Democrat Terry McAuliffe will be Virginia’s next governor, and it only took one California billionaire to get him there.

Billionaire San Francisco hedge fund manager Tom Steyer donated more than $8 million to McAuliffe’s campaign, Politico reports, over three times more than the initially reported contribution. Steyer’s donations alone matched funds raised by the Republican Governors Association, the deep-pocketed group that raised the most money for McAuliffe’s opponent Ken Cuccinelli.

“It is more money, on a per-vote basis, than the famously prolific conservative donors Sheldon and Miriam Adelson spent in the 2012 presidential election,” Politico writes of Steyer’s donation.

Much of the $8 million came from Steyer’s own $1.5 billion fortune, distributed through his political action committee, NextGen Climate Action. As its name suggests, NextGen Climate Action is dedicated to championing environmental causes and specifically pushes for clean, renewable energy. So where exactly did that $8 million in funding go? According to Politico, largely toward attack ads designed to mock Cuccinelli for his backward views on environmental issues.

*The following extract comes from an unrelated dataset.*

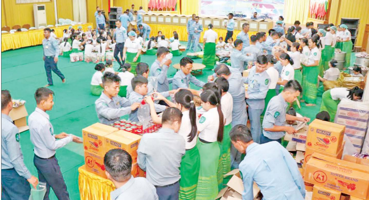
နယ်စပ်ရေးရာဝန်ကြီးဌာန ဝန်ထမ်းမိသားစုများက ရှေ့တန်းရောက်တပ်မတော်သားများနှင့် လုံခြုံရေးတပ်ဖွဲ့ဝင်များအတွက် စားသောက် ဖွယ်ရာများ ပြင်ဆင်ထုပ်ပိုးနေမှုများကို တွေ့ရစဉ်။

သားများနှင့် လုံခြုံရေးတပ်ဖွဲ့ဝင် များအတွက် ရန်ကုန်တိုင်းဒေသ ကြီးအစိုးရအဖွဲ့နှင့် ဌာနဆိုင်ရာ ဝန်ထမ်းမိသားစုများ စုပေါင်း၍ စားသောက်ဖွယ်ရာများ ပေးပို့ လှူဒါန်းနိုင်ရေး စိတ်အားထက်သန် စွာ ပြင်ဆင်ဆောင်ရွက်နေမှုကို တိုင်းဒေသကြီးဝန်ကြီးချုပ် ဦးစိုး သိန်းနှင့် တာဝန်ရှိသူများက လိုက်လံကြည့်ရှုအားပေးခဲ့သည်။ ရန်ကုန်တိုင်းဒေသကြီး အစိုးရ အဖွဲ့နှင့် ဌာနဆိုင်ရာဝန်ထမ်း မိသားစုများက ရှေ့တန်းရောက် တပ်မတော်သားများနှင့် လုံခြုံရေး တပ်ဖွဲ့ဝင်များအတွက် ခေါက်ဆွဲ ခြောက် ၁၄၈၄၆ ထုပ်၊ ကြာဆံ ခြောက်အထုပ် ၉၀၀၊ ငါးသေတ္တာ ဘူး ၂၁၀၊ ကော်ဖီမစ် ၁၃၇ ပါကင်၊ ကွေကာအုပ် ၁၀ ပါကင်၊ ငါးပိ ထောင်းဘူး ၅၀၊ ငါးပိကြော်ထုပ် ၆၀၊ အမွှေးဆပ်ပြာ ၁၆၈ တုံး၊ ဓာတ်ဆားထုပ် ၂၅၀၊ ဆေးလိပ် ၁၀၆၀၀၊ ဂက်စီမီးခြစ် အလုံးရေ ၁၀၀၊ သွားတိုက်ဆေးဘူး ၂၂၀၊ လက်ဖက်အသား နှစ်ပိဿာ၊ နှစ်ပြန်ကြော် သုံးပိဿာ၊ ကိတ်

“Steyer paid for $3.1 million in TV advertising, $1.2 million in digital ads, 12 different pieces of campaign mail, a field program that hit 62,000 households on get-out-the-vote weekend and even a Cuccinelli impersonator who showed up at public events carrying a briefcase of mock cash to attack the Republican’s ethics,” Politico writes.

After McAuliffe’s narrower-than-expected win over his Republican opponent, Steyer believes that $8 million was money well-spent.

“One of my friends who is a Democratic governor and knew what we spent said, ‘I think you overspent on this campaign.’ But it turned out we didn’t,” Steyer told Politico. “We kept going with what we originally thought we needed to do for the turnout, which was our whole goal.”

This is hardly the first time that Steyer has contributed his fortune towards progressive political causes. In 2012, Steyer was the lead backer of California’s Proposition 39, a measure he also had a hand in designing. The San Francisco billionaire contributed $21.9 million toward passing the measure designed to close tax loopholes for out-of-state corporations operating in California.

In fact, after retiring from the finance world for good in 2012, Steyer decided to work full-time bankrolling and supporting progressive causes across the country. If there's one person to watch out for in the 2014 elections, it might not be any of the candidates, but Tom Steyer himself.